La presenza di hotspot è infatti uno dei temi caldi, e non solo per l’annosa questione del Cara di Gradisca d’Isonzo (che dispone ufficialmente di 303 posti): nei mesi scorsi è infatti stata prospettata la creazione di un nuovo centro nell’ex caserma Lago di Jalmicco, piccola frazione di Palmanova. Un’eventualità che ha registrato una vera e propria levata di scudi sia per l’impatto che la cosa avrebbe su una realtà di meno di duemila abitanti, sia per il temuto impatto negativo sui flussi turistici (che a dire il vero ancora stentano a decollare in tutto il loro potenziale) nella città stellata patrimonio Unesco. Più in generale, la questione è quella che da sempre accompagna la questione immigrazione: gli hotspot nessuno li vuole, e pur esistenti timidi tentativi di accoglienza diffusa portati avanti in particolare per i minori, sono – denuncia l’opposizione Civica Fvg in consiglio regionale – «lasciati alla gestione dei piccoli comuni sul Carso che non hanno la competenza per trattare questioni così delicate, abbandonando di fatto i sindaci».

L’amministrazione regionale prosegue comunque sulla linea dell’hotspot (da cui poi espellere chi non ha titolo per ricevere asilo) in antitesi all’accoglienza diffusa; con l’assessore regionale all’Immigrazione, Pierpaolo Roberti, che ha affermato che «in Friuli Venezia Giulia abbiamo bisogno dell’hotspot per migranti. Sarà una struttura da 250 posti sulla cui localizzazione non ne so nulla», se non che sarà in «una località a bassissima densità abitativa, facilmente perimetrabile e sorvegliabile».

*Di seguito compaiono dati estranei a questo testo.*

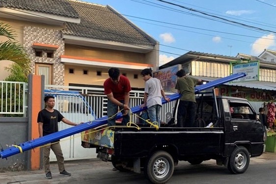 Potret pemasangan Penerangan Jalan Umum Tenaga Surya (PJU TS) berbasis tenaga surya di beberapa titik penting Desa Tanggulangin
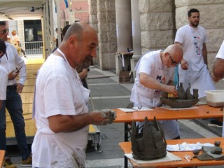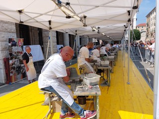 Questo lo scenario che si può vedere oggi in Piazza Sisto a Savona per il Mondiale Tornianti in Tour organizzato nella 4 giorni del Festival della Maiolica, con veri e propri duelli al tornio divisi in più batterie con l'argilla vero protagonista.
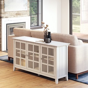 Transform your space with this elegant wide storage cabinet! Features 3 tempered glass doors, 3 adjustable shelves, and handcrafted solid wood construction. Beautiful white finish with protective lacquer. Transitional design with tapered legs and brushed nickel knobs. 62"W x 34"H perfect for living rooms, dining areas, and offices. Combines style and functionality!

In tutto questo si inseriscono gli ultimi inasprimenti in tema immigrazione prospettati dal Consiglio dei ministri del 18 settembre: «Aspetto di leggere le norme nelle loro specificità, prima di esprimermi nel dettaglio – ha affermato al Messaggero Veneto il presidente della Regione, Massimiliano Fedriga – così come il decreto atteso la prossima settimana sui minori stranieri non accompagnati, ma una stretta in materia è la strada giusta». Il M5S regionale, da parte sua, ha diffuso con una nota in cui afferma che «sul fronte immigrazione il nostro territorio rischia di trasformarsi in una seconda Lampedusa […]. L’annuncio poi di militarizzare la gestione e il trattenimento fino a 18 mesi nei centri di raccolta preannuncia uno scenario ancora più preoccupante e ingestibile. In Fvg abbiamo già quote elevate di immigrati richiedenti asilo e mancano strutture di accoglienza centralizzate che non sono la soluzione. Siamo a fianco dei sindaci già impegnati e preoccupati per la gestione dei minori e sollecitiamo nuovi interventi anche economici proprio per le mutate situazioni di arrivi sempre in aumento».

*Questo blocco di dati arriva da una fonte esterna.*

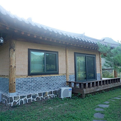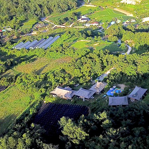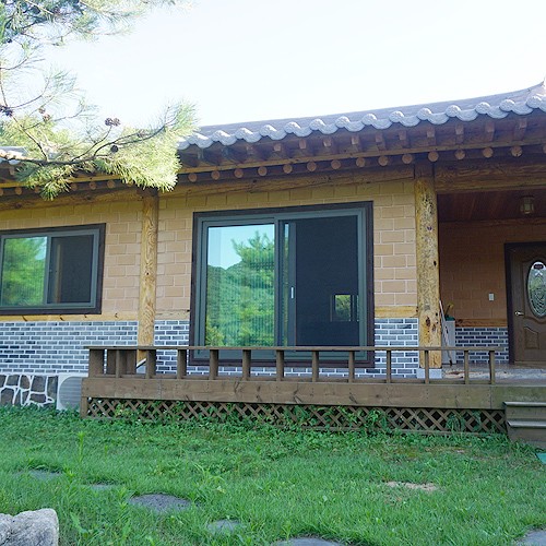 황토로 지은 교육관 한 채와 숙소 네 채, 묵나물 체험장으로 이루어져 있습니다.

Il timore è che il trattenimento fino a 18 mesi congestioni ancora di più il sistema di accoglienza, con un conseguente aumento di persone lasciate di fatto a sé stesse in strada: situazione già sperimentata particolare a Udine e Trieste, città dove più facilmente vanno a concentrarsi i migranti di passaggio nel tentativo di proseguire verso nord.